I was talking about the lower guide -- from where I was sitting it looked like there was contact already and may have been holding the blade away from fulling arriving on the wheel. You're in a better vantage to see exactly how they are meeting up though, if at all.

It's been a long time since I had mine apart to rebuild (when I got it used) but I do remember having to shim one wheel at the end of the day to get things to line up right. Trouble is, I can't remember if it was the top wheel or the bottom wheel on mine that needed the shim! It was about 1/4" though -- I made a very thick washer out of some UHMW and it's worked well ever since. It's tough to say if these saws ever have the same problem across the board or whether each one has its own unique quirks.

-frank


----------



## Surprman (Apr 5, 2017)

royesses said:


> Also as you use the saw the blade guide bearings will wear and cause noise and allow the blade to wander. I ordered new bearings from VXB made in Japan. The original bearings feel like they are made out of lumpy chunks of semi hard re-bar. I also removed the paint from both drive and idler wheels when I first got the saw. I use Lenox bi-metal blades. I get them when MSC has a sale going on. I added a hydraulic downfeed too. The legs are very sturdy if you make a base and bolt them to the base.
> 
> Roy



The previous owner of my saw had screwed the legs down to a large size HF furniture dolly.  It is sturdy and rolls around nicely so I left it that way.

Rick


----------



## ACHiPo (Apr 5, 2017)

francist said:


> I was talking about the lower guide -- from where I was sitting it looked like there was contact already and may have been holding the blade away from fulling arriving on the wheel. You're in a better vantage to see exactly how they are meeting up though, if at all.
> 
> It's been a long time since I had mine apart to rebuild (when I got it used) but I do remember having to shim one wheel at the end of the day to get things to line up right. Trouble is, I can't remember if it was the top wheel or the bottom wheel on mine that needed the shim! It was about 1/4" though -- I made a very thick washer out of some UHMW and it's worked well ever since. It's tough to say if these saws ever have the same problem across the board or whether each one has its own unique quirks.
> 
> -frank


Frank,
Thanks for the clarification.  I'm sure the lower support wheel is not where it should be, but I'm also sure that's not why the blade is tracking where it is on the lower wheel.  I think I'll try cutting a few things and see if things settle in better.  I also like the idea of scraping off the paint.

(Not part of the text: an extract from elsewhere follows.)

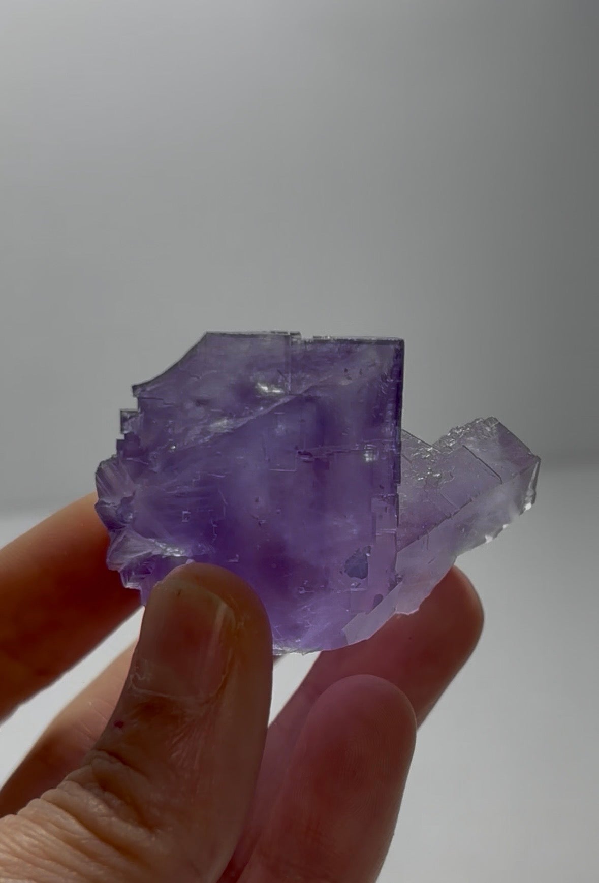 This lustrous cubic specimen has excellent zoning towards the exterior and a deep purple core. Sharp edges and unique surface... Read more

I knew it would be a project when I bought it, so I'm not disappointed.  I just need to get out to the shop with the set-up guides from Yahoo Groups and walk through it.

Evan


----------



## ACHiPo (Apr 5, 2017)

royesses said:


> Also as you use the saw the blade guide bearings will wear and cause noise and allow the blade to wander. I ordered new bearings from VXB made in Japan. The original bearings feel like they are made out of lumpy chunks of semi hard re-bar. I also removed the paint from both drive and idler wheels when I first got the saw. I use Lenox bi-metal blades. I get them when MSC has a sale going on. I added a hydraulic downfeed too. The legs are very sturdy if you make a base and bolt them to the base.
> 
> Roy


Roy,
Good advice.  Thanks!
Evan


----------



## ACHiPo (Apr 24, 2017)

Well, it's still not a precision machine, but it is quite serviceable after tweaking.  The blade tracks well, and cuts square and true.  The black gunk (paint?) has been removed from the wheels.  Somehow I kinked the first Starrett blade I installed, but it doesn't seem to affect cutting.  The gears seem to be quieting down a bit--I'll change the oil after running it for an hour or so to break in the gears.

The blade tension knob was broken in shipping.  I can still hold it together to tension the blade, but at some point I want to pop it off and replace it with a machined piece.


----------